Grilled Bison Steak
Instructions
Preparing the Bison Steaks
1
Before grilling your bison steaks, it is recommended that you apply a dry spice rub anywhere from four to 24 hours before you grill. The spice rub may be composed simply of kosher salt, black pepper and olive oil, or you can add additional spices, such as fennel, rosemary, coriander or mustard seeds. To compose your spice rub, mix kosher salt, black pepper and any additional desired dry spices together in a small bowl. When thoroughly mixed, add enough olive oil to create a rough paste.
2
Prick the bison steaks with a fork on both sides. Cover them completely with the spice paste, rubbing it in carefully until they are totally coated.
3
Transfer the bison steaks to a plate and cover with plastic wrap. Refrigerate and allow them to marinate for at least four hours.
Grilling
1
If you are using a gas grill, allow it to preheat on the high setting for at least 15 minutes before grilling. If you are using a charcoal barbecue, arrange your briquettes on one side of the grill. Let the coals burn until they are medium-hot, or covered in gray ash.
2
Place a little olive oil on the dish towel and lightly grease the grill.
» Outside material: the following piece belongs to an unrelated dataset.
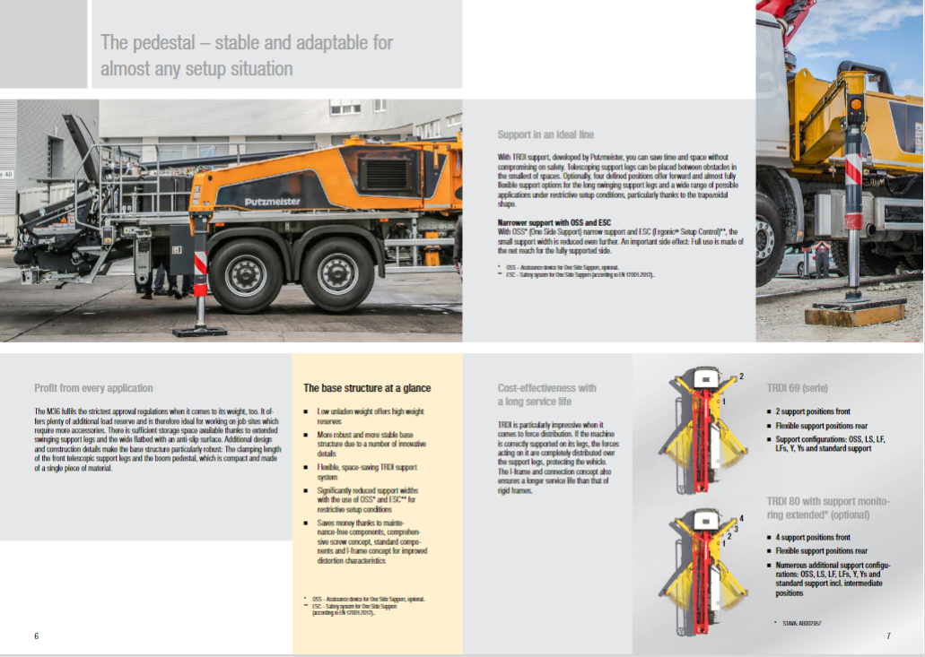 The M36 fulfils the strictest approval regulations when it comes to its weight, too. It offers plenty of additional load reserve and is therefore ideal for working on job sites which require more accessories. There is sufficient storage space available thanks to extended swinging support legs and the wide flatbed with an anti-slip surface. Additional design and construction details make the base structure particularly robust: The clamping length of the front telescopic support legs and the boom pedestal, which is compact and made of a single piece of material.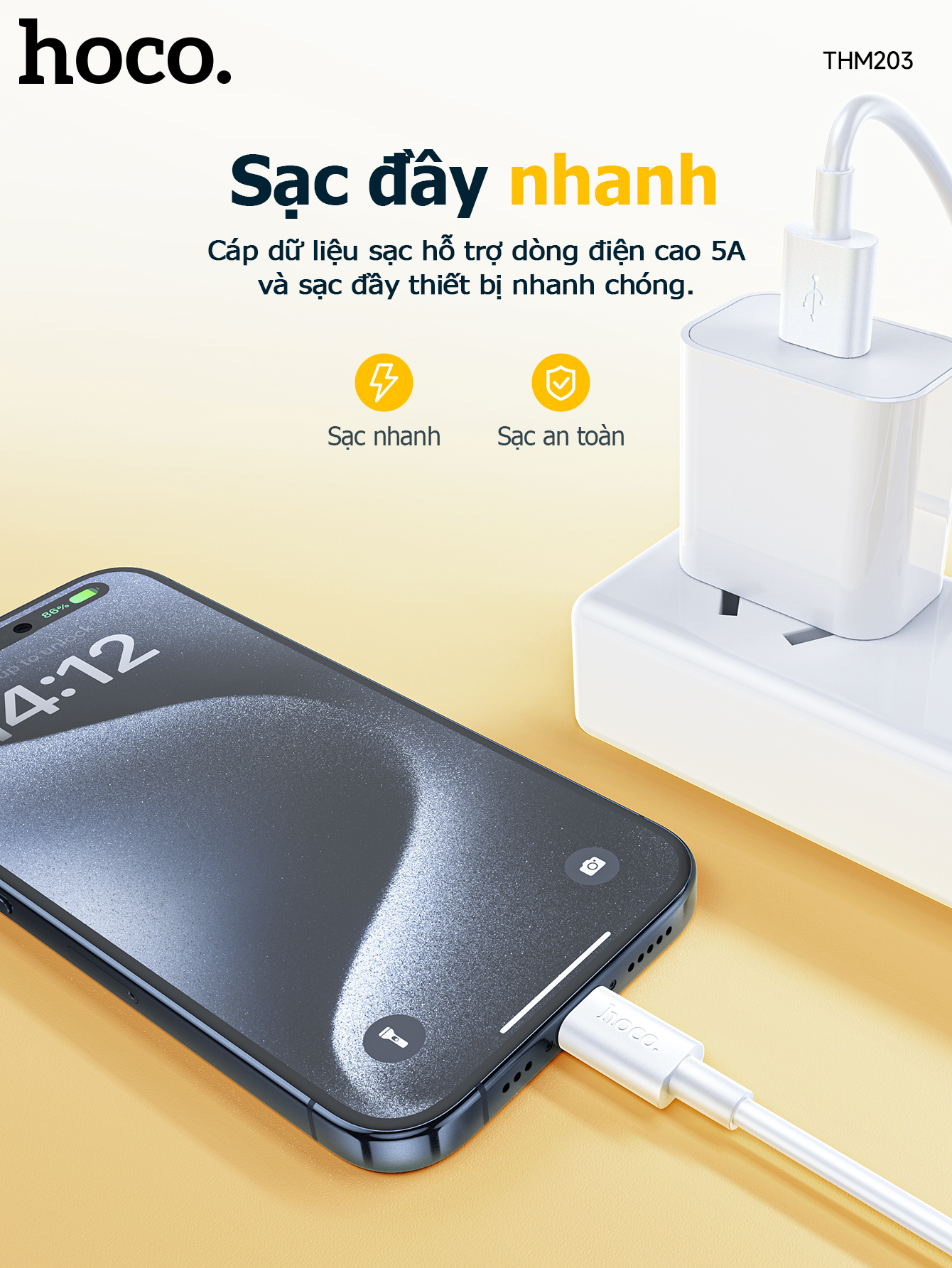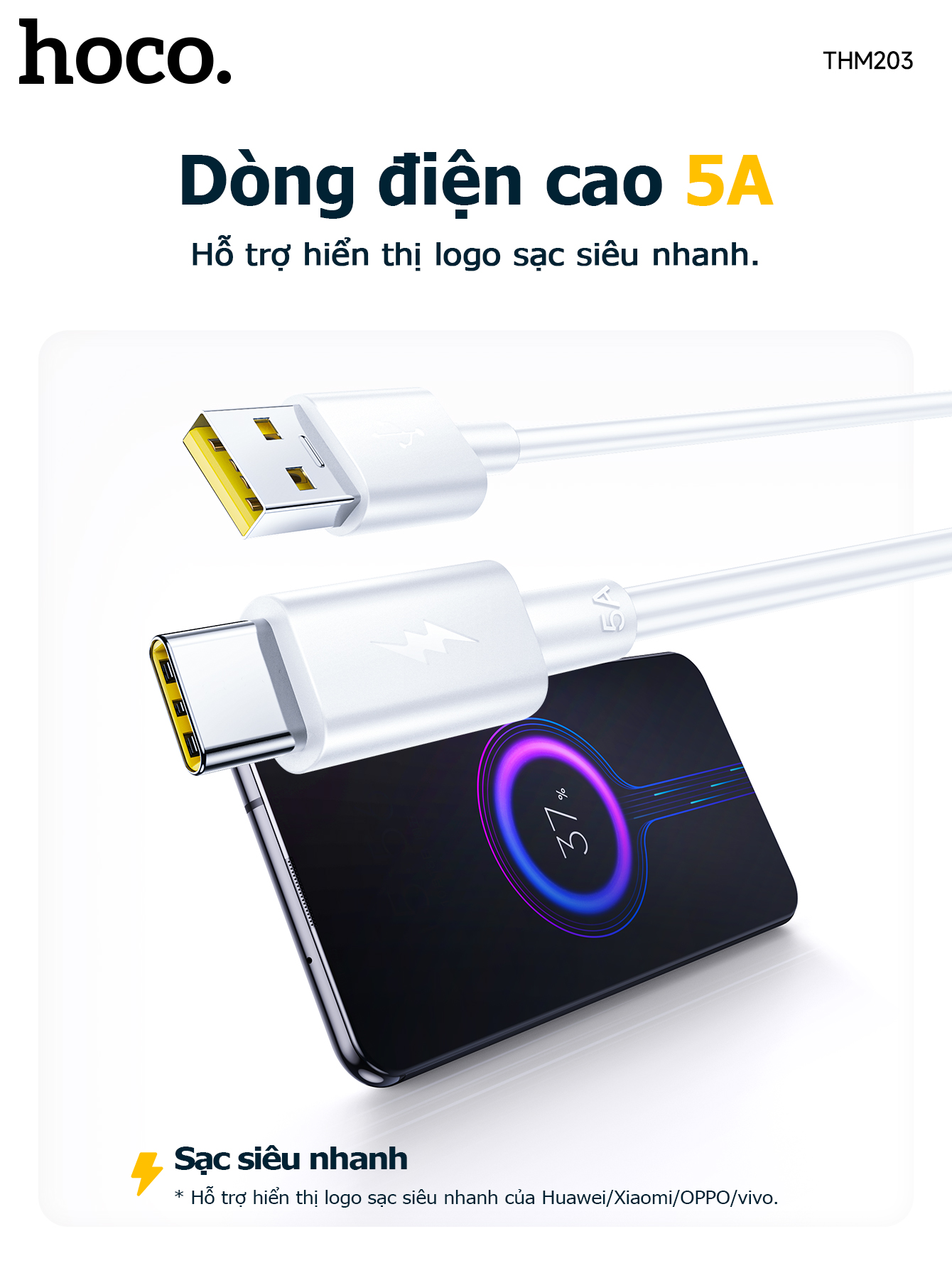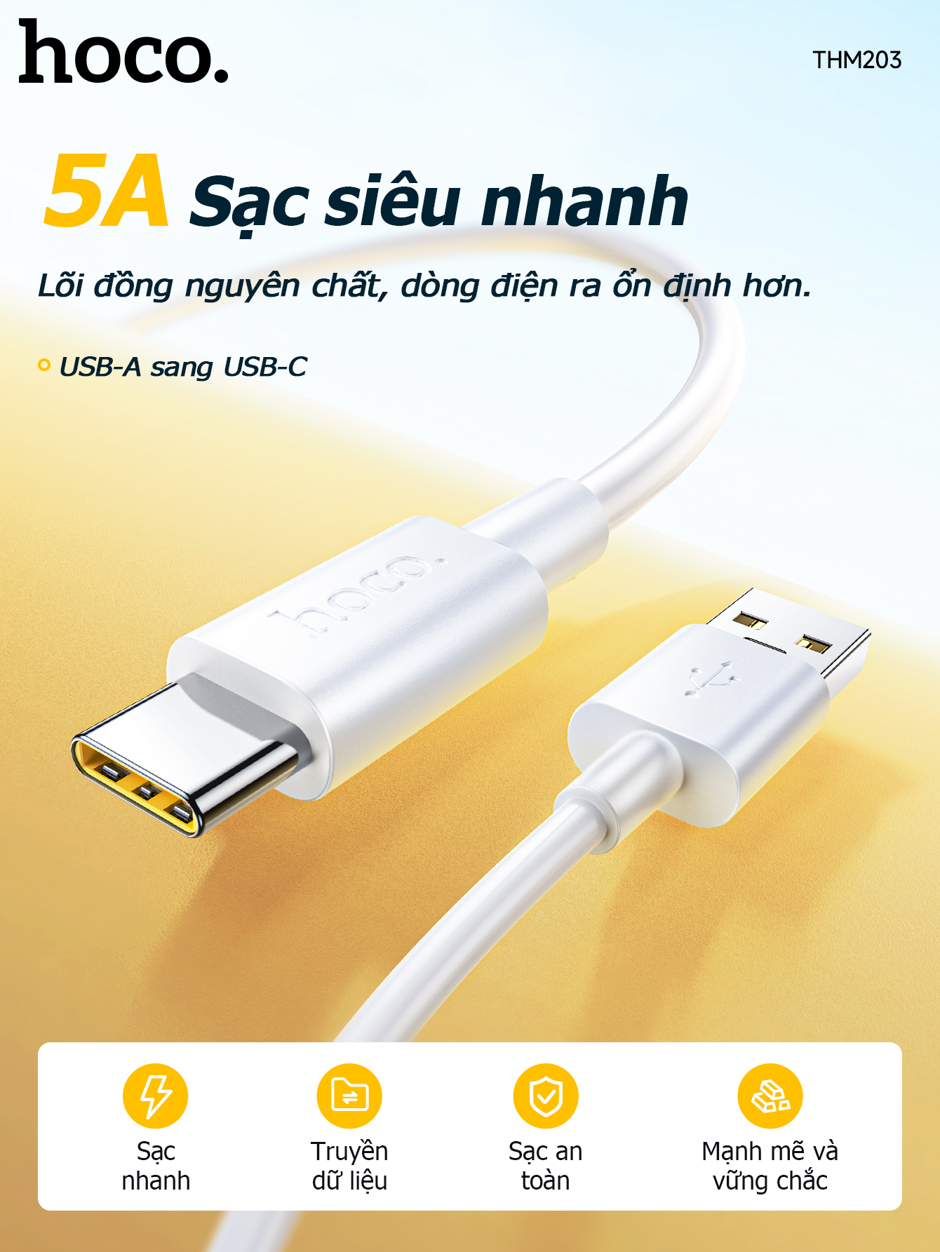Cáp dữ liệu sạc nhanh THM203 Element 5A Type-C (Dài = 1M)

Using tongs, transfer the bison steaks to the grill. Replace the grill lid and sear for two minutes. Remove the lid, turn the bison steaks, and sear the other side for two minutes.
3
If you are using a gas grill, reduce the heat to medium. If you are using a charcoal barbecue, use tongs to move the bison steaks to the side of the grill without briquettes.
4
Replace the lid and sear the bison steaks for at least four minutes per side if you prefer your steaks rare. For medium-rare, grill the steaks for an additional minute per side.
5
Remove the bison steaks from the grill and rest them on an elevated rack, if available (otherwise, a plate or platter may be used). Make sure that the steak rests for at least 10 minutes. Serve and enjoy!